What problem does this paper attempt to address?

The problem that this paper attempts to solve is: How to train small image - to - text models so that they can understand visual documents efficiently and accurately, while reducing the dependence on external tools (such as OCR, large - language models, etc.), thereby reducing computational complexity and engineering difficulty. ### Problem Background When dealing with Visual Document Understanding (VDU) tasks, existing methods usually rely on external tools, such as Optical Character Recognition (OCR) systems and Large - Language Models (LLMs). These tools can convert document images into text and perform reasoning.

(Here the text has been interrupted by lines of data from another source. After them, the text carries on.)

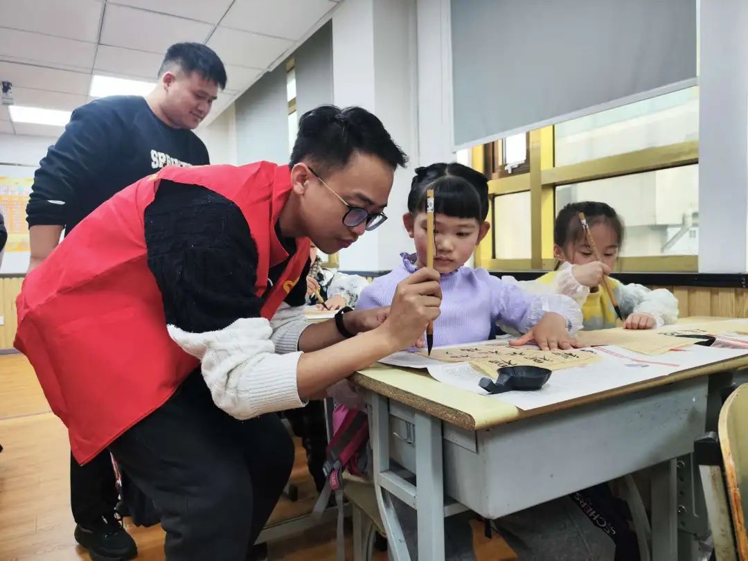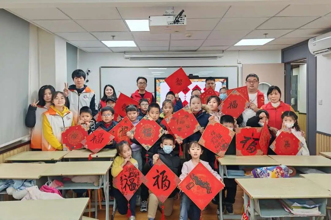 在“童心迎春写福字 同迎五福纳新春”环节,青年志愿者耐心细致地教孩子运笔挥毫,一笔一划书写出“福”字,现场其乐融融,洋溢着喜庆的氛围。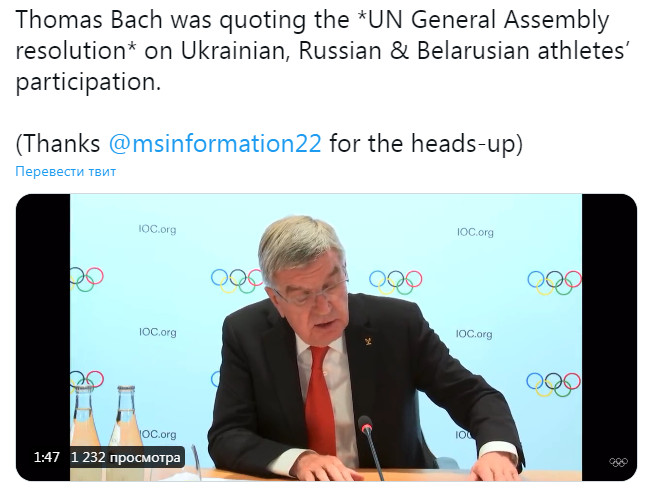 Бах на пресс-конференции МОК по итогам исполкома организации в Лозанне вновь говорил немало противоречивых вещей. Снова он отмечал, что на самом деле заботится о российских и белорусских спортсменах, отстраняя их от международных соревнований. Однако одну громкую сенсацию Томас все-таки выдал.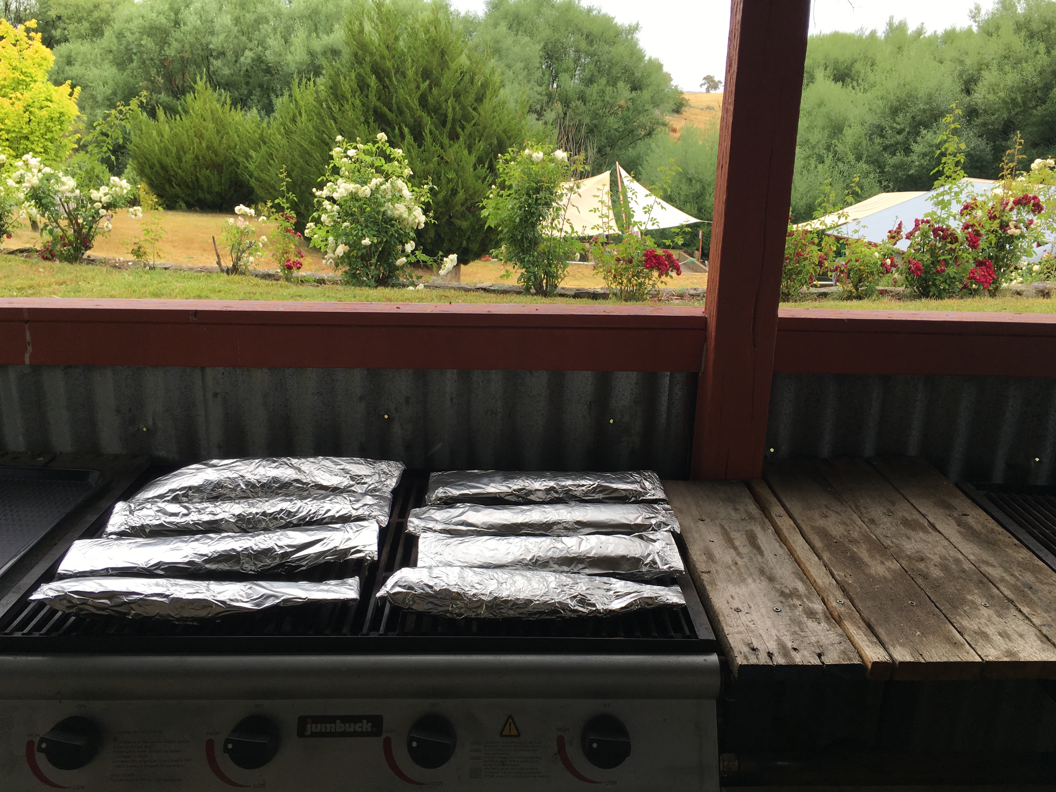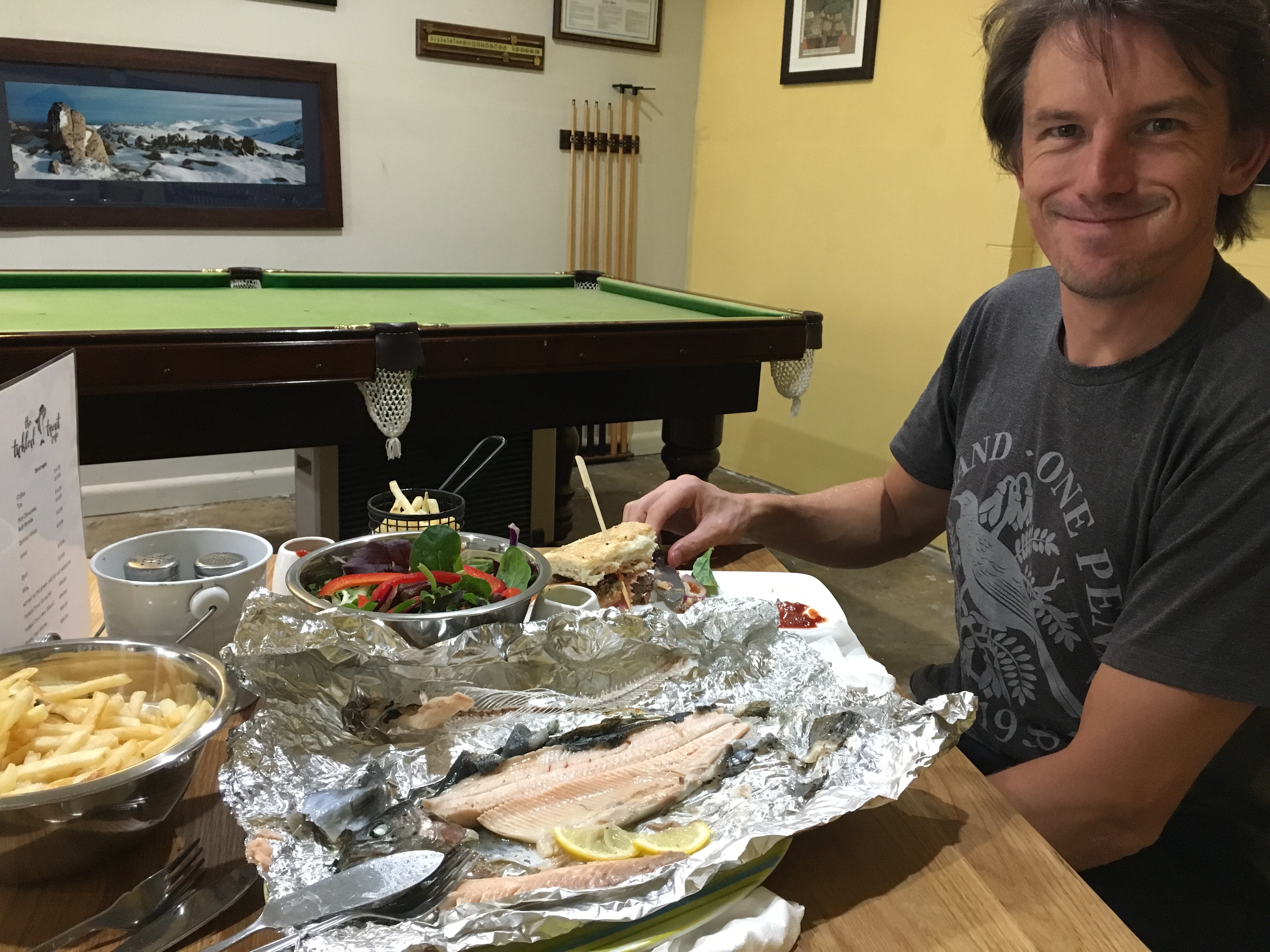 The kitchen prepped our trout with lemon and butter and we took it out to BBQ before eating with some salad and chips.

However, this method has the following problems: 1. **High Computational Cost**: Using external tools will increase the computational overhead. 2. **Engineering Complexity**: Integrating multiple external tools increases the complexity and maintenance difficulty of the system. ### Paper Goals This paper proposes a method named "Rationale Distillation (RD)" which aims to solve the problem in the following ways: - **Reduce Dependence on External Tools**: Do not use any external tools in the reasoning stage, and only rely on the trained small model. - **Improve Efficiency and Accuracy**: By introducing an intermediate "rationale" (reason or explanation), the small model can understand visual documents more efficiently and give correct answers. ### Specific Methods 1. **Rationale Generation**: Use OCR tools, large - language models and other tools to generate intermediate "rationale", which include textual evidence, tabular representations and simple program code. 2. **Multi - task Training**: Train a small student model so that it can predict these rationales as well as the final answer. 3. **Data Augmentation and Filtering**: Increase the quantity and quality of training data by cropping images and screening useful rationales, making the student model more robust. ### Experimental Results The experimental results show that the small model using the Rationale Distillation method performs well in three visual document understanding benchmark tests (InfoVQA, DocVQA and ChartQA), with a significant performance improvement compared to the baseline model, while the computational cost is only slightly increased. ### Summary The main contribution of this paper is to provide an efficient and accurate method for visual document understanding, reducing the dependence on external tools and reducing computational complexity and engineering difficulty.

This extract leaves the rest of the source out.